Some of the columnists in the newspapers and the tabloid press who are not journalists with a PhD are public intellectuals. There are pundits who are satirical commentators, there are a significant number of people who get their political news from Leno and Letterman. And, of course, the pollsters don't really understand this, because what Leno and Letterman supply is a satirical take on the news.Most public intellectuals function as quote-suppliers to legitimize the media. Two or three times a week, I get called by journalists and asked whether I will deliver myself of a sociological quote to accompany his or her article, to legitimate, in a sense, the generalizations that journalists make and have to make, because they've got two-hour deadlines. Which means that while there are few public intellectuals who are self-selected, most of us get selected anyway. You know, if no journalist calls for a quote, then I'm not a public intellectual; I just sit there writing my books and teaching classes.
I did a book on the news media and hung out at Newsweek and the other magazines. And at Newsweek, they had something they called an island, right in the main editorial room. On the island were names of people who would now be called public intellectuals, the people whom Newsweek quoted. And the rules were--and this is a bit like Survivor--every so often people would be kicked off the island. Because the editors thought, and probably rightly, that we as readers were going to get tired of this group of public intellectuals. So a new group was brought in to provide the quotes. And then they were kicked off.
The public intellectuals come in two types, however. First there are the ones that everyone has been talking about, the generalists, the pundits, as I think of them; and second are the disciplinary public intellectuals. The public sociologists, the public economists, the public humanists--public, plus a discipline. And these are the people who apply the ideas from their own disciplines to a general topic. And again, to some extent, this is what I do when I'm a quote-supplier, and I'm sure my fellow panelists are all functioning as quote-suppliers too.

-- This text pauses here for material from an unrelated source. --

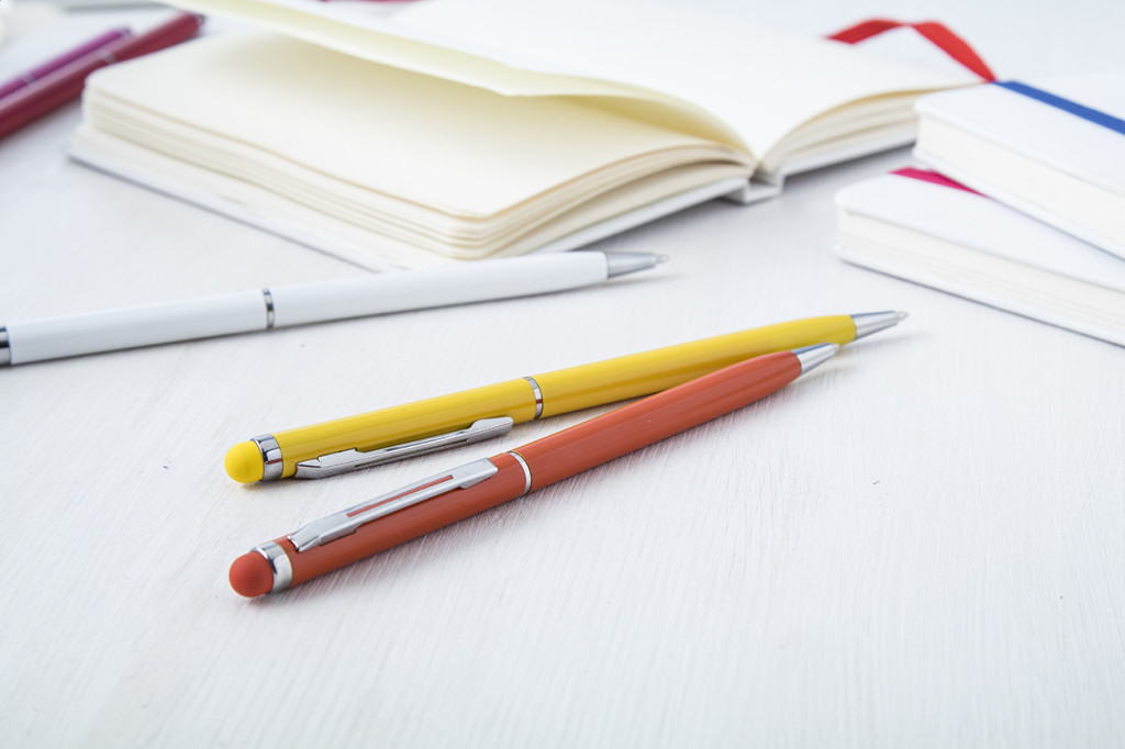 Alumínium érintőképernyős golyóstoll, színes testtel és megegyező színű érintőgombbal. Kék tollbetéttel szállítjuk.
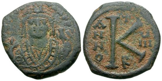 Title: *Sear 535* Byzantine Empire. Maurice Tiberius (AD 582-602) Æ Half Follis

But the disciplinary public intellectuals show that their disciplinary insights and their skills can add something original to the public debate. That, in other words, social scientists and humanists can indeed grapple with the issues and the problems of the real world. The disciplinary public intellectuals, like other public intellectuals, have to write in clear English. This is a rarity in the academy, unfortunately--which makes disciplinary public intellectuals especially useful. And they demonstrate the public usefulness of their disciplines, which is important in one sense, because we all live off public funds, directly or indirectly, and we need to be able to account every so often that we're doing something useful for taxpayers. I cannot imagine there are very many legislators in this country who would consider an article in an academic journal as proof that we're doing something useful or proof that we're entitled to some share of the public budget.
Disciplinary public intellectuals are useful in another way, too: They are beloved by their employers, because they get these employers publicity. My university has a professionally run clipping service, and every time Columbia University is mentioned, somebody clips and files the story. And so every time somebody quotes me I say, "Be sure to mention Columbia University," because I want to make my employers happy, even though I do have tenure. Because, if they get publicity, they think they're getting prestige, and if they get prestige, that may help them get students or grant money.
There are a number of hypotheses on this; I'm not sure any of them are true-- whether quote-supplying provides prestige, or prestige helps to get good students, whether good students help to get grant money. There is a spiral here that may crash. But meanwhile, they think that if we're getting them publicity, we're being useful. And, of course, public social scientists and those in the humanities are, in some respects, in short supply, in part because their colleagues stigmatize them as popularizers. (They don't call them journalists, which is a dirty word in the ivory tower.)
It's also fair to say that in the newsrooms, "academic" is a dirty word. If you've ever paid attention, journalists always cite "the professor," and it doesn't matter who it is, and it doesn't even matter if they're friends of the professor. But it's always "the professor," which is a marvelous way of dehumanizing us professors. So there's this love/hate relationship between journalists and academics that's at work here. All of which means, yes, of course, it does take a bit of courage to be a public intellectual or a disciplinary public intellectual. If you turn your back on the mainstream of the academy, that's the way you get a knife in your back, at times.